Various objections are urged to the sufficiency of the liens. They relate principally to the sufficiency of the notices, and to the allegations of the complaint declaring thereon. After a careful consideration of the various objections, we think they are without substantial merit, and that the services for which liens are claimed were only such services as, in contemplation of the statute (§ 5, supra) may be secured by lien; that the description of the *150property is sufficiently definite ; and that, under its articles of incorporation, the plaintiff in this case possesses all the powers conferred by §§.1590 to 1598, 1 Hill’s Code (Bal. Code, §§ 4378-4386), and-by the act of 1895, hereinbefore referred to.

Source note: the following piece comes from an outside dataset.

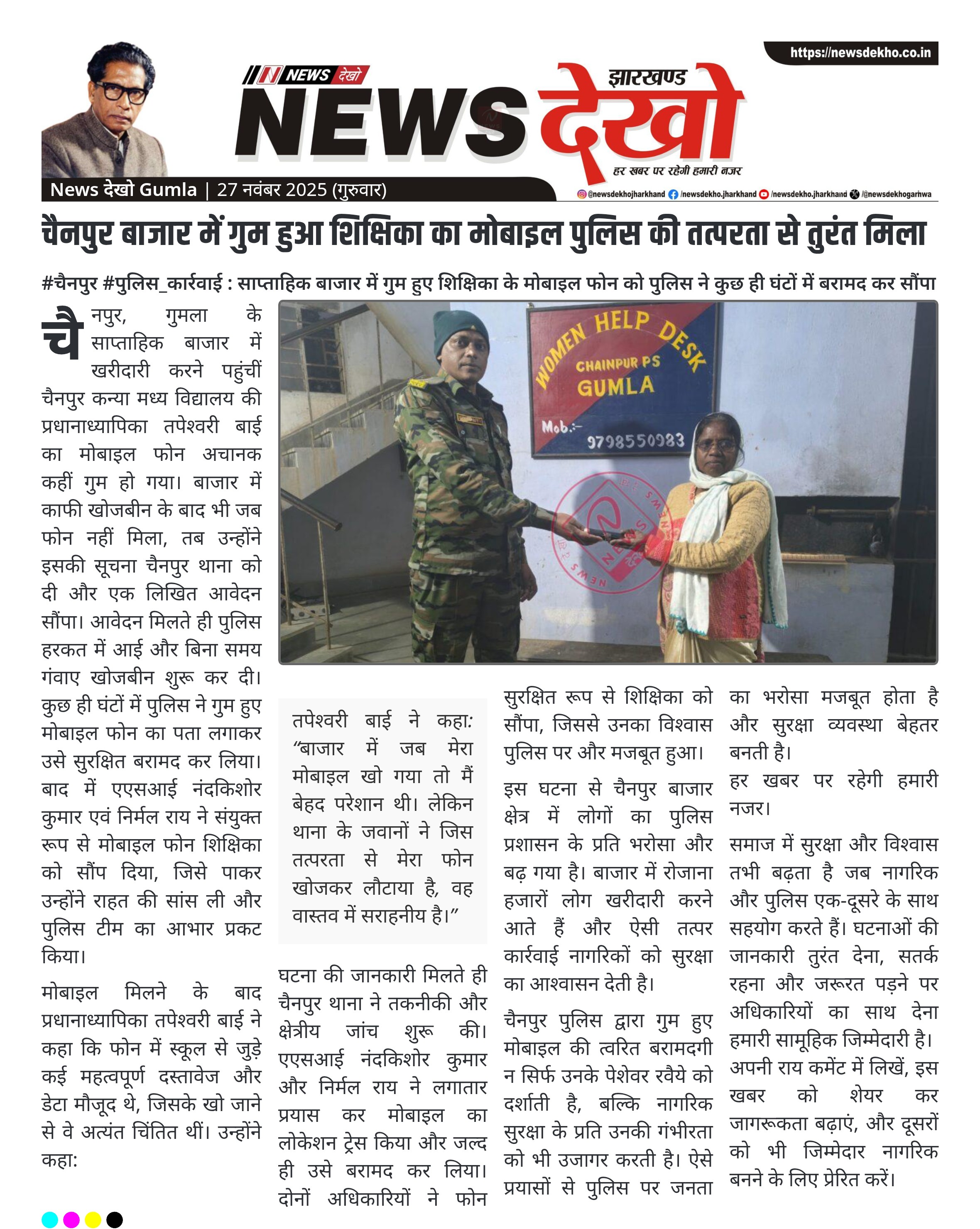 चैनपुर बाजार में गुम हुआ शिक्षिका का मोबाइल पुलिस की तत्परता से तुरंत मिला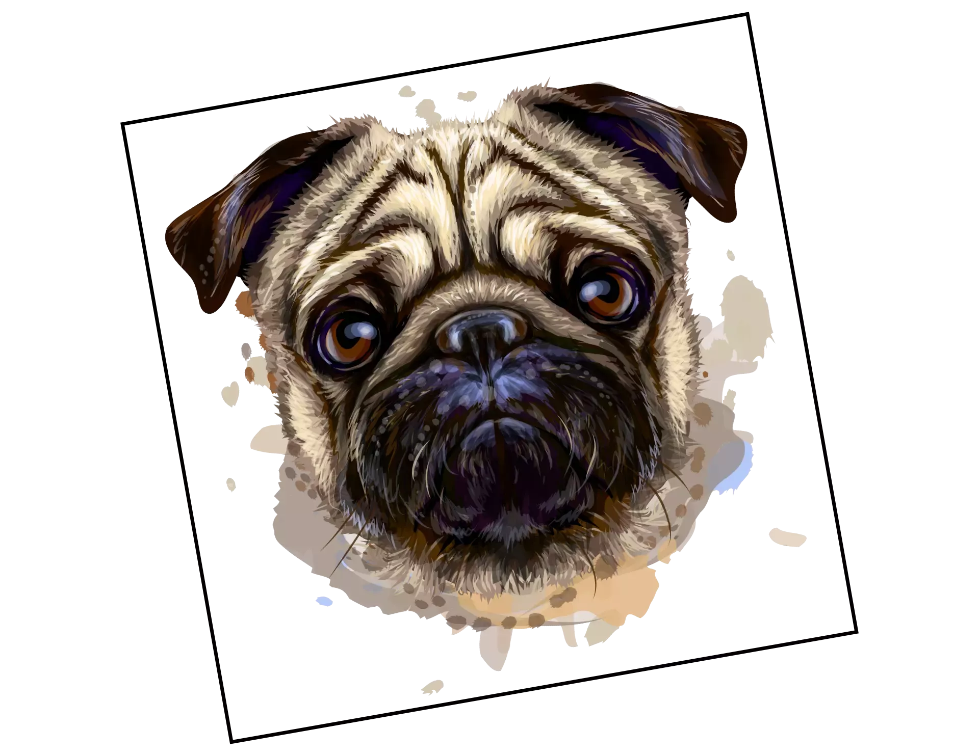 Charmant & würdevoll! Dem Mops wird ein fröhlicher und lebhafter Charakter nachgesagt und er gilt als unkompliziert und intelligent. Markant sind sein großer Kopf, die kleine Stupsnase, die kurzen Beine, die Knopfaugen, der Ringelschwanz und das glatte Fell. Der quirlige Hund stammt ursprünglich aus China und wird dort in langer Tradition gezüchtet. Aber auch in Europa wurde der Mops seit jeher geschätzt und hat sich in viele Herzen geschlichen. Bellen, apportieren, rennen, schwimmen, an der Leine ziehen und auf dem Sofa dösen – Autoaufkleber "Samson der Mops Hund": ein fein aquarellierter Motiv-Aufkleber, mit einem mopsfidelen Partner, für Deinen Wagen.

The judgment of the lower court must be reversed and the cause remanded, with direction to enter judgment in plaintiff’s favor for the amount claimed in the complaint, together with $150, which is considered a reasonable attorney’s fee to be allowed counsel for foreclosing these liens, and directing that the property in question be sold to satisfy such judgment and all costs that have accrued or may hereafter accrue in this action.

Soott, O. J., and Dunbab, Reavis and Andebs, JJ., concur.